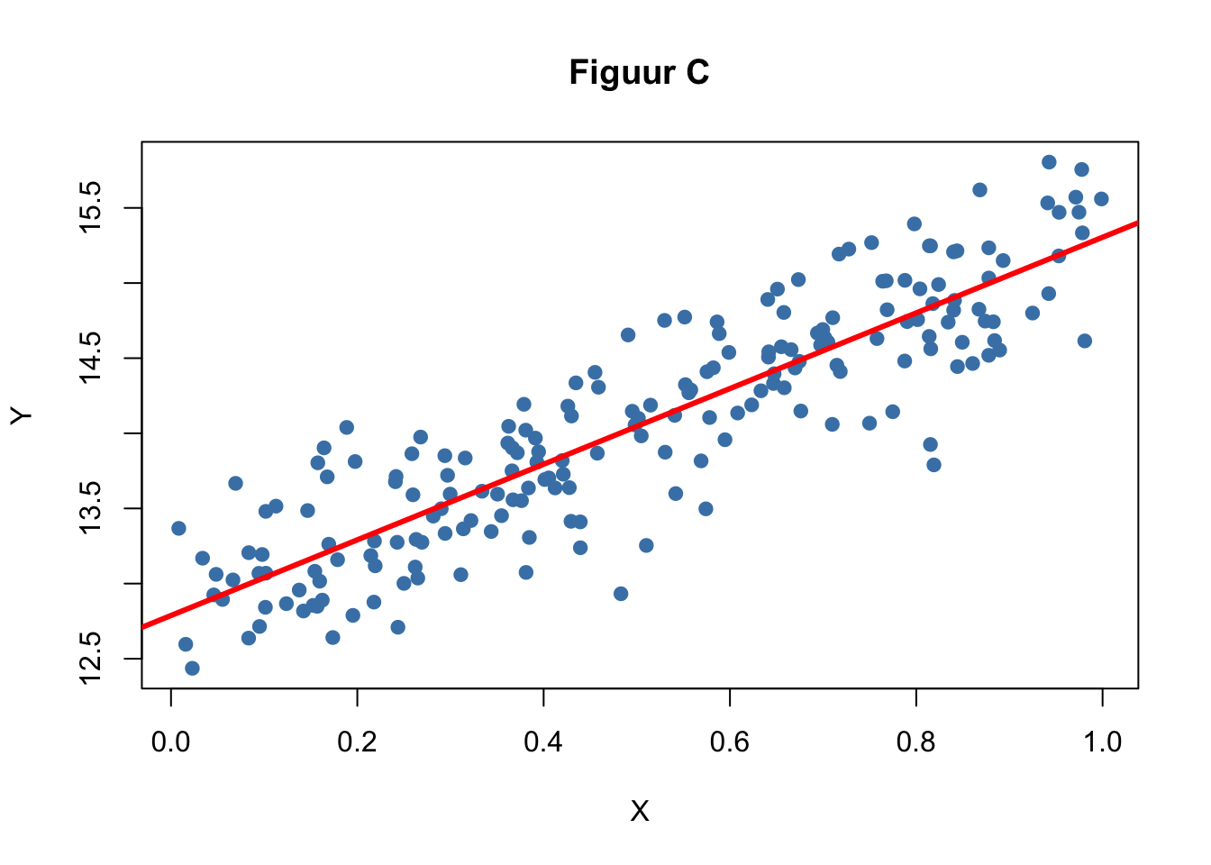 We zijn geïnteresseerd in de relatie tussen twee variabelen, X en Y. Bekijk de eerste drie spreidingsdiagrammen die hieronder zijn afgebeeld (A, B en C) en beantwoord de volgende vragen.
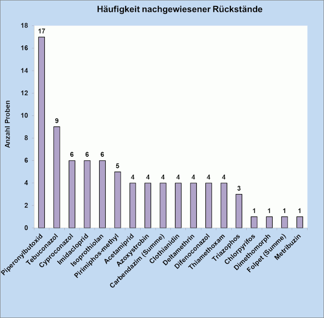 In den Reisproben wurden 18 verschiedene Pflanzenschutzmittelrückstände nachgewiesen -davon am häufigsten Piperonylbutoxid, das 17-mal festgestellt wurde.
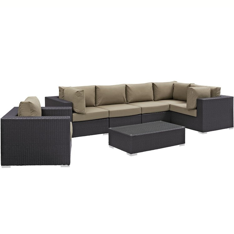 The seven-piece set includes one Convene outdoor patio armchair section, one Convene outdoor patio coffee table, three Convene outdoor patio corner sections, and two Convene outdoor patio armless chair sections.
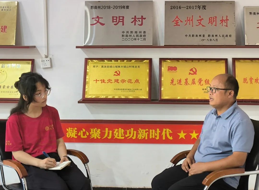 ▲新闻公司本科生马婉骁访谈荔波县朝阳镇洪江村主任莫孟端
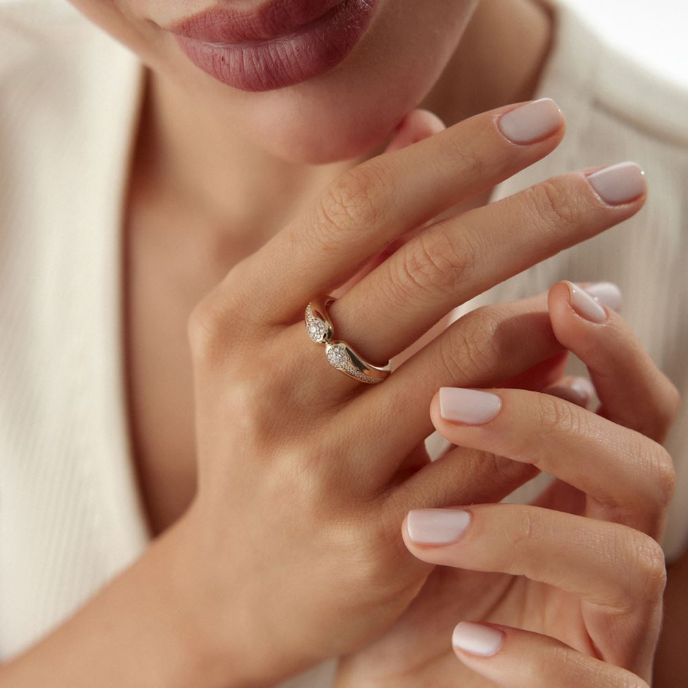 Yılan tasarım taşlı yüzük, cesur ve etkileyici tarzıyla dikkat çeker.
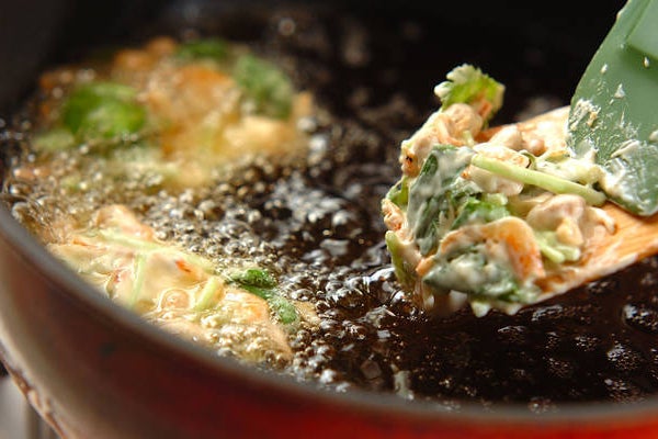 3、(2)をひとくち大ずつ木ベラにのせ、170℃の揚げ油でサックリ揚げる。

### WHAT YOU WILL DO
Every line of the material must be returned exactly; leave the images out.

### TASK SOLUTION
 We zijn geïnteresseerd in de relatie tussen twee variabelen, X en Y. Bekijk de eerste drie spreidingsdiagrammen die hieronder zijn afgebeeld (A, B en C) en beantwoord de volgende vragen.
 In den Reisproben wurden 18 verschiedene Pflanzenschutzmittelrückstände nachgewiesen -davon am häufigsten Piperonylbutoxid, das 17-mal festgestellt wurde.
 The seven-piece set includes one Convene outdoor patio armchair section, one Convene outdoor patio coffee table, three Convene outdoor patio corner sections, and two Convene outdoor patio armless chair sections.
 ▲新闻公司本科生马婉骁访谈荔波县朝阳镇洪江村主任莫孟端
 Yılan tasarım taşlı yüzük, cesur ve etkileyici tarzıyla dikkat çeker.
 3、(2)をひとくち大ずつ木ベラにのせ、170℃の揚げ油でサックリ揚げる。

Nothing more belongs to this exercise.